634: Nest
634: Nest
Transcript
I’m Ada Limón and this is The Slowdown.
How many of us have been waiting patiently — or not so patiently — for spring? For everything to bloom, for the trees to leaf out, for the animals that have been hiding all winter to come streaming through the yard in bursts of fur and feathers? I know I have. Lately, each morning when I walk the dog, I feel desperate for warmth, for the good news that sun brings. Even the dog seems excited for the days when she doesn’t need her sweater to keep her warm.
The winter, the long winter here, is fading, and maybe where you are the early spring flowers have bloomed, and perhaps it's almost time to put a few plants in the ground, the lettuces, the radishes, all the things that are easily nibbled upon by the rabbits and squirrels.

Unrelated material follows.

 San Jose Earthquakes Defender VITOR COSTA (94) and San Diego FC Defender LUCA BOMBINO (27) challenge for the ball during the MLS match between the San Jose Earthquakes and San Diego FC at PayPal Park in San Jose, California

Each spring, I have a battle with a stubborn robin who wishes to build her nest on our front porch light. Each year I put up a shiny tin milagro of the sacred heart — a tiny, heart shaped charm — to dissuade her from nesting in such a precarious spot. I think the reflection of it, the shininess of it will make her turn around and nest elsewhere. Still, she comes, eager to lay eggs on a porch light.
I’ll admit this, each year she wins. Before I’ve even gathered the strength to remove the first layer of long grasses and threads she’s gathered, suddenly, as if overnight, a gorgeous, sturdy nest is built. And, of course, my husband and I agree that — all spring — we just won’t turn the porch light on.

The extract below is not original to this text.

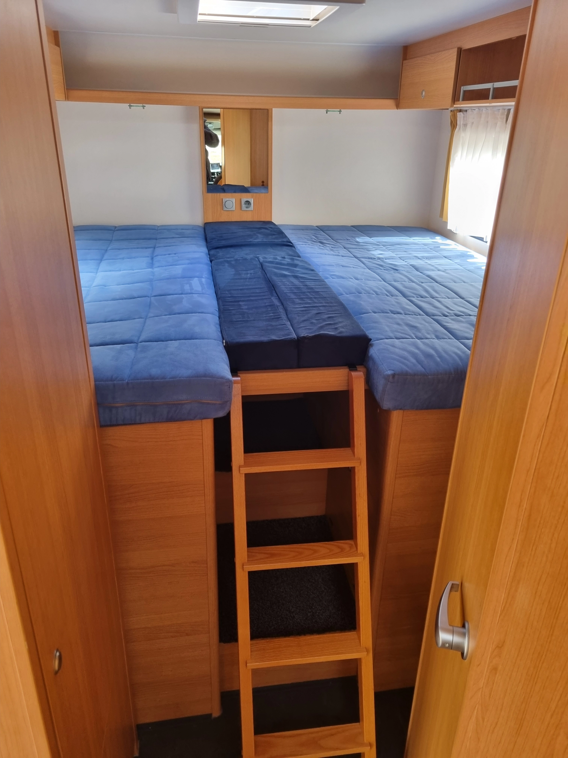 De camper is voorzien van 2 aparte lengtebedden van ieder 70x200 cm, die makkelijk te betreden zijn middels een grote opstap. Van de 2 bedden kan eenvoudig 1 groot bed gemaakt worden, afmetingen 200x200 cm. Deze is te betreden met een trapje. Optioneel is er van het zitje een extra bed te maken met afmetingen 70x160 cm.

She just makes her nest now right on top of the milagro of the sacred heart. Instead of encouraging her to go elsewhere, I think she believes I’ve decorated her preferred spot with a pretty shiny heart. I’ve gussied up her apartment with a symbol of wellbeing. There are symbols everywhere. She’s a sign of spring, sitting on a sacred heart, on top of a light.

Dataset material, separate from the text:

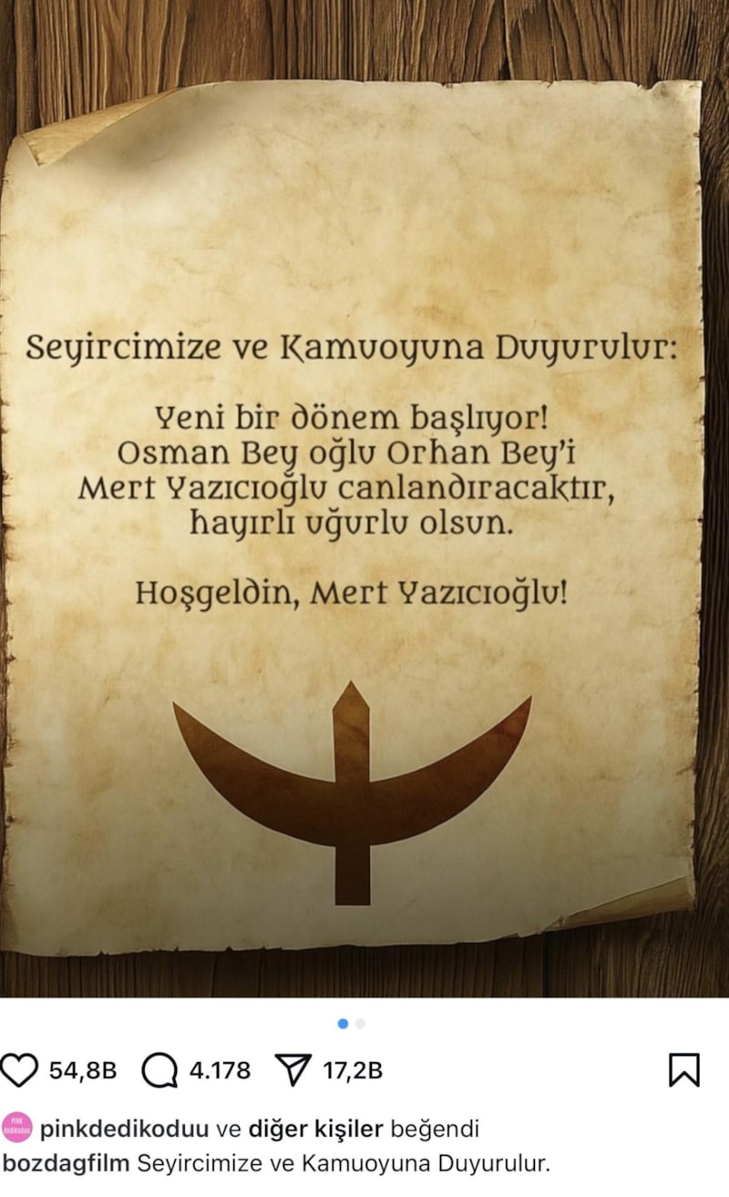 "Yeni dönem başlıyor! 'Osman Bey'in oğlu 'Orhan Bey'i Mert Yazıcıoğlu canlandıracaktır, hayırlı uğurlu olsun. Hoş geldin, Mert Yazıcıoğlu!"

In today’s poem, the poet has created a world in which all the animals come out and together there’s a unifying sense of safety and belonging.
Nest
by Sarah Arvio
And then there came a day that was a day a world of my wanting with you in it and all the small creatures came to our side mewing and cheeping as small creatures do a day I had wanted for a long time a small-creature hour in the life of our day where there were many places to lie down and sigh and sleep and cogitate and hug a huge happening among the small lives a little cuddle with a dream in it a coddled egg an apron with a bib a nest for nourishing the ragged nerves O robin O rabbit O bat O tiny vole all flyers and burrowers come to us now through our heat ducts and tear ducts and chimneys come to us with your small-world intentions that place where only we know how to live where no one else knows what we say and do no one knows the crumbs or the flies we eat or the silly songs we hum as we sleep
"Nest" by Sarah Arvio, from CRY BACK MY SEA copyright © 2021 Sarah Arvio. Used by permission of Penguin Random House.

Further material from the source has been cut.